Quantitative Medicine Scientist critical path institute, United States
Disclosure(s):
Mingyuan Wang, PhD: No financial relationships to disclose
Objectives: Digital health technology (DHT) monitors patients’ vital signs and activities in clinical and free-living environments, enabling decentralized trials, closed-loop devices, and digital therapies. Activity annotation from passive sensor data is critical but challenging. This abstract evaluates unique DHT-derived feature groups, assessing their impact on annotation models. The research reveals feature group importance for free-living activity classification, supporting future research on patient monitoring and sensor applications for targeted activities.

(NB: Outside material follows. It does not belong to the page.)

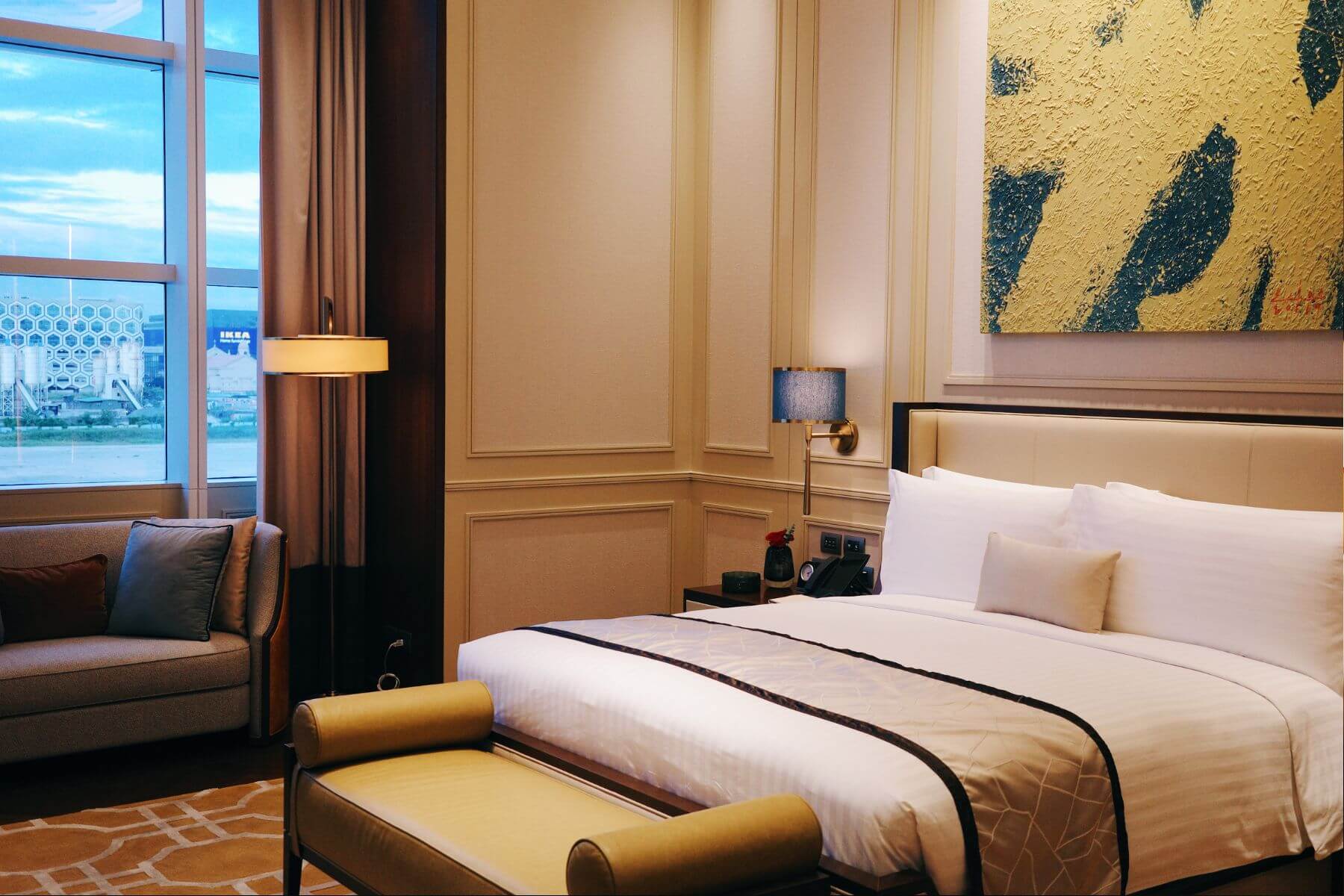 酒店住房設施則是奢華與極致的享受,全區有793間寬敞舒適的豪華客房,其中,「Sky Tower」可享受無任何遮蔽、全視角的浩瀚海景,或者入住「Bay Tower」可眺望此區地標摩天輪,依傍海灣與夕陽的港灣景緻。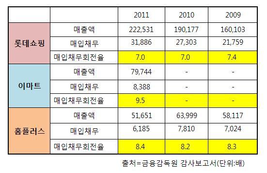 9일 마이경제 뉴스가 10일 동반성장위원회의 대기업 동반성장 결과 발표에 앞서 유통부문에 속한 롯데쇼핑(대표 신헌), 이마트(대표 정용진), 홈플러스 (대표 이승한)의 최근 3년간 매입채무회전율(연결기준)을 조사한 결과 롯데쇼핑이 가장 낮은 수치를 나타냈다.

Methods: The CAPTURE-24 [1] data contains 100 Hz real-time wrist accelerometer data from 151 free-living participants, annotated via wearable camera images and sleep diary. The Willetts mapping [2] was used to categorize activities into 10 labels (e.g. manual work, mixed activity, sitting, sports, walking). 32 features (original features) were extracted and benchmarked in their study. We added 118 new features belonging to 7 unique feature groups that measure forearm orientation, instantaneous device angle, activity intensity, signal shape, frequency, and statistical quality. Another group includes conceptually similar features to the originals but with different signal processing strategies. Feature extraction was performed in 30 seconds non-overlap windows. XGBoost [3] model was chosen for consistency with the original study's benchmarks. Each new feature group was added individually to assess the impact on individual classes. Predictability across all classes was evaluated on all features. The models were evaluated using F1-score. Paired t-tests compared models by leveraging 30 repetitions of subject-independent random split (66%/34% train/test). The Benjamini-Yekutieli method [4] was applied to mitigate multiple comparison issues. Feature selection was also carried out using SHAP [5].
Results: The feature group specified analysis showed several associations by activity: forearm orientation features have stronger link to bicycling and household chores; signal shape based features to sitting, sleeping, standing, and walking; and summary statistics features to manual work and vehicle use. The model with all the features performed significantly better than the one with original features (average F1: 0.442 vs 0.492, p-value < 0.0001). The model can be further simplified by including 70 total features or 50 new features while achieving a slightly higher F1-score. This improvement mainly came from bicycling, household chores, manual work, sitting, standing, vehicle , and walking. Forearm orientation, signal shape, and frequency are the main feature groups that contribute to this improvement.
Conclusions: This work demonstrates the implementation of unique feature groups to improve the individual class and overall classes annotation. It also aids in the understanding of the association between specific feature groups and individual classes, supporting a more targeted feature integration approach for future research and applications in patient activity classes of interest. Furthermore, analysis shows which groups to focus on if overall prediction is the goal.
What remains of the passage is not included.